Your Third Legacy
By Judy F.
December 1950
“We, who are the older members of AA, bequeath to you who are younger, these three Legacies – the Twelve Steps of recovery, the Twelve Traditions, and now the general services of Alcoholics Anonymous. Two of these Legacies have long been in your keeping. By the Twelve Steps we have recovered from alcoholism; by the Twelve Traditions we are achieving a fine unity.
Being someday perishable, Dr. Bob and I now wish to deliver to the members of AA their Third Legacy. Since 1938 we and our friends have been holding it in trust. This legacy is the general Headquarters services of Alcoholics Anonymous – The Alcoholic Foundation, The AA Book, the AA Grapevine, and the AA General Office. These are the principal services which have enable our Society to function and to grow.
Acting on behalf of all, Dr. Bob and I ask that you – the members of AA – now assume guidance of these services and guard them well. The future growth, indeed the very survival, of Alcoholics Anonymous may one day depend on how prudently these arms of service are administered in years to come.”
According to Bill, “an AA service is anything whatever that helps us to reach a fellow sufferer – ranging all the way from the Twelfth Step itself to a ten-cent phone call and a cup of coffee, and to AA’s General Service Headquarters for national and international action. The sum total of all these services is our Third Legacy.”

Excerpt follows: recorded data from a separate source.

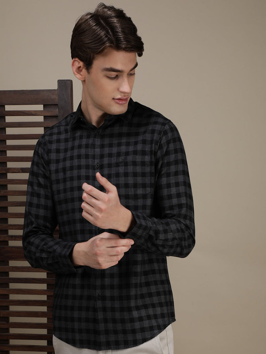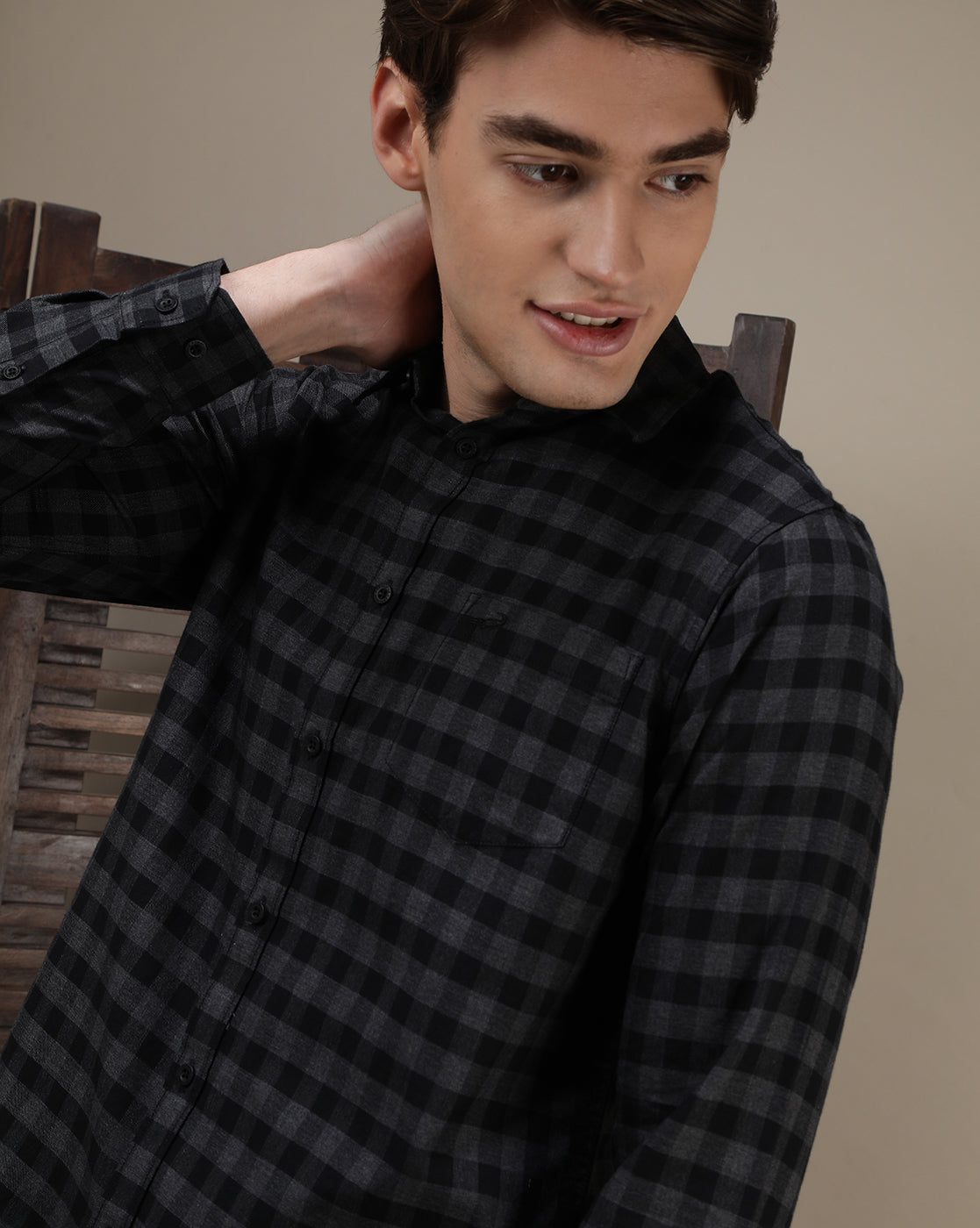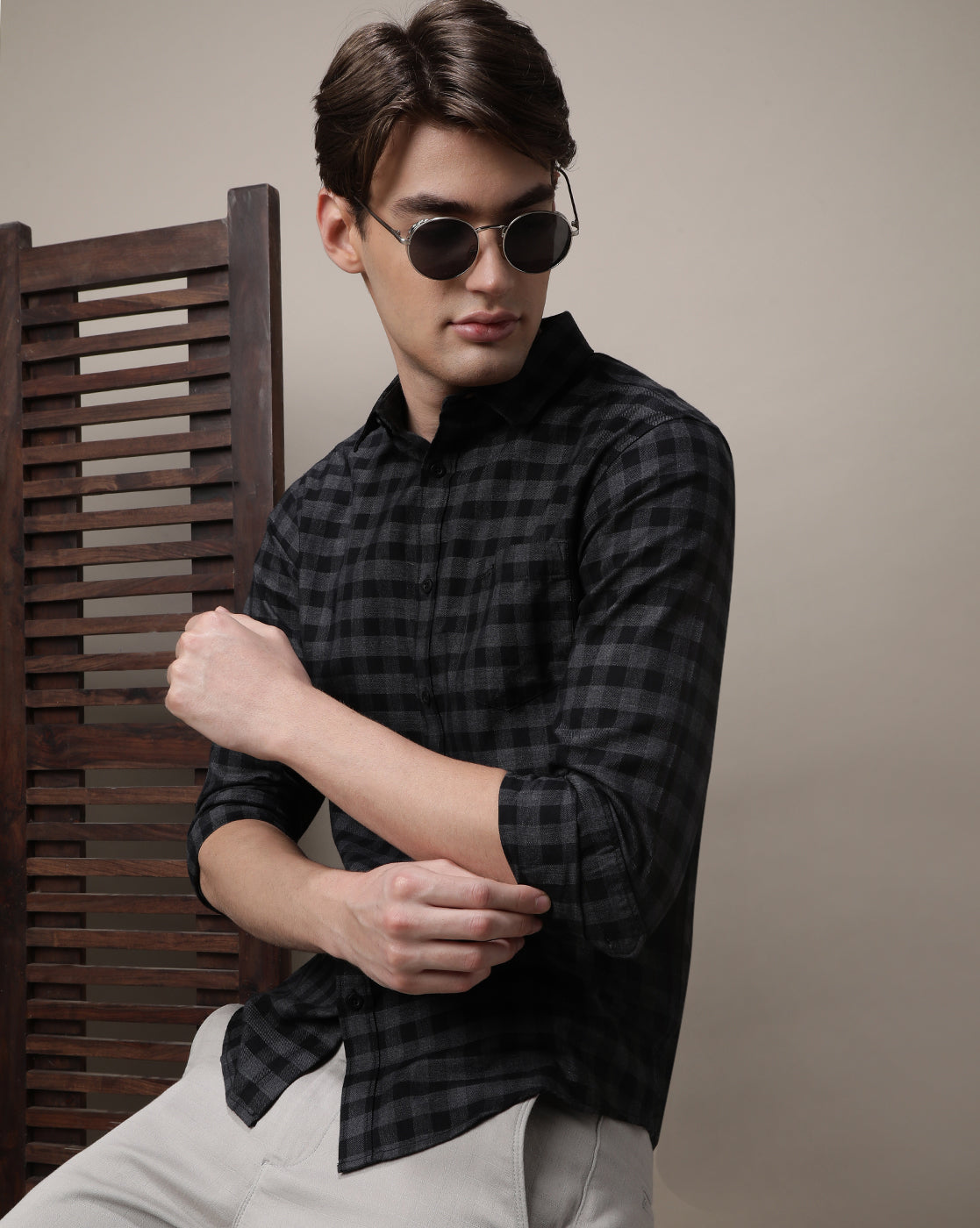 Black Solid Casual Full Sleeve 100% Cotton Shirt
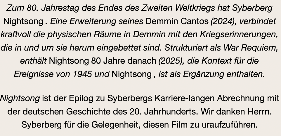 Dieses Bild für die erste Präsentation des Films NachtGesang ist
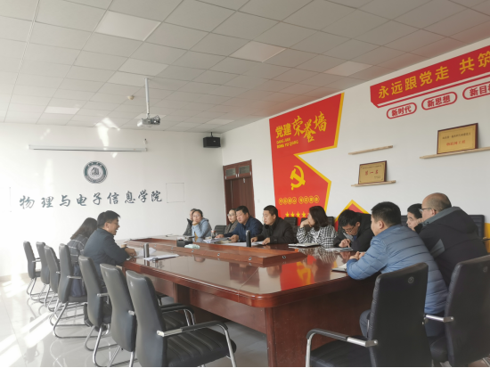 物电学院主要负责人首先对学院现阶段的准备工作进行了详细的汇报,主要包括人才引进工作进度,对照申硕要求人才引进的下一步工作计划与努力方向;骨干教师与专任教师发展现状,对照申硕骨干教师与专任教师发展与培养的努力方向等。同时唐延柯院长表示,物电学院正在对照申硕指标进行全面整改完善,虽然相关工作仍然存在一定差距,但学院将集合全院老师的力量,拼时间,拼资源去完成学校给予的既定任务。
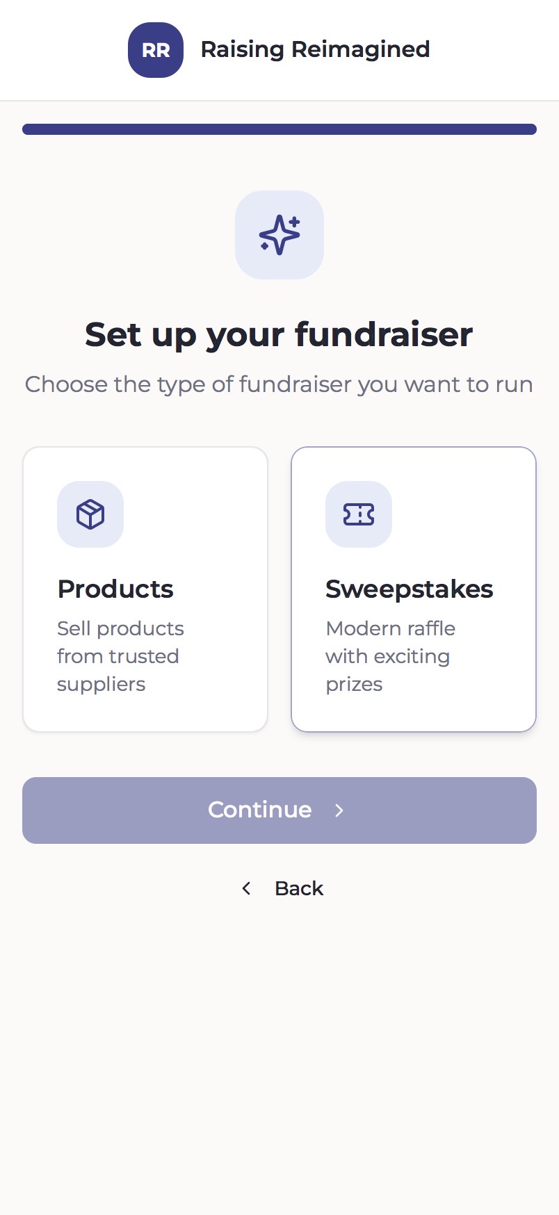 - ✓Choose your fundraiser type (product sale or sweepstakes)
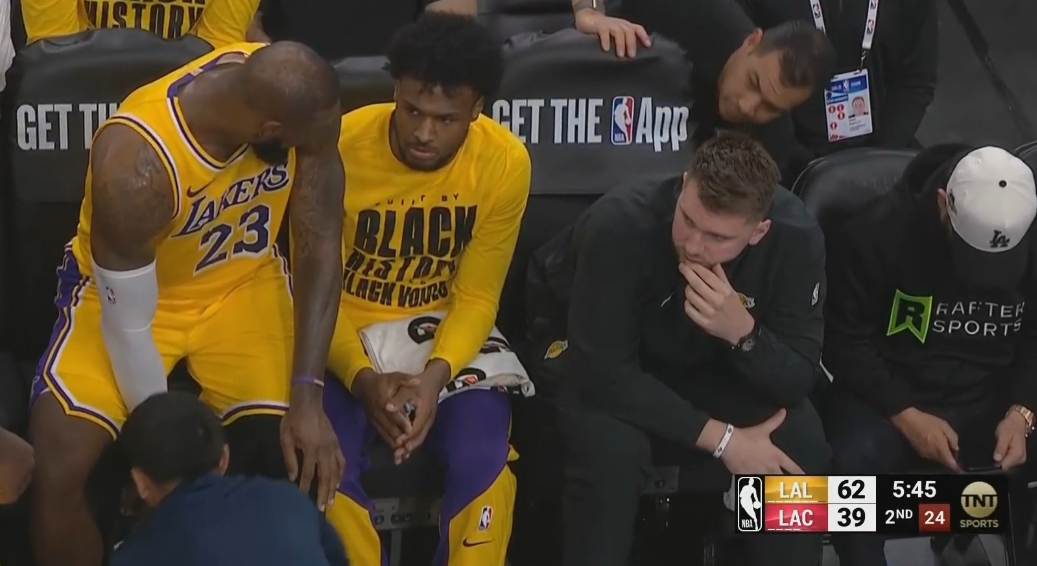 第二節(jié),布朗尼坐在詹姆斯和東契奇中間

As 2024 draws to a close and since this is our last printing of Santa Clarita Valley Central Office newsletter, Gratitude Gazette, for 2024 I wanted to express my gratitude for the opportunity to be of service to our local central office for this past year. I have learned so much about service opportunities that go beyond the AA meeting and how important it is for me to have an open mind to “AA being organized.” As Bill noted, “It began to dawn upon AA that group responsibility would have to reach much further than the meeting hall doorstep on Tuesday and Thursday nights only. Otherwise, the new man approaching our door might miss his chance, might lose his life. Slowly, most reluctantly, groups in densely populated areas saw they would have to form associations, open small offices, pay a few full-time secretaries. Terrific outcries went up. To many, this really meant destructive organization, politics, professionalism, big expense, a ruling officialdom, and government.”
As a group and as an individual are you familiar with the “arms of service” Bill refers to? If not, I believe we do a disservice to AA as a whole in making sure this fellowship is around for our kids and our grandkids. Let’s not just assume the person next to us is taking on that responsibility. Let us assume that responsibility ourselves and then carry the message of its importance to the person sitting next to us. This was Bill’s message for the Third Legacy.
As Bill so eloquently stated “by our Twelve Steps we have recovered, by out Twelve Traditions we have unified, and through our Third Legacy – Service – we shall carry the AA message down through all the corridors of time to come. Of this, I am happily confident.”
Most of this article was from Language of the Heart Bill W.’s Grapevine Writings.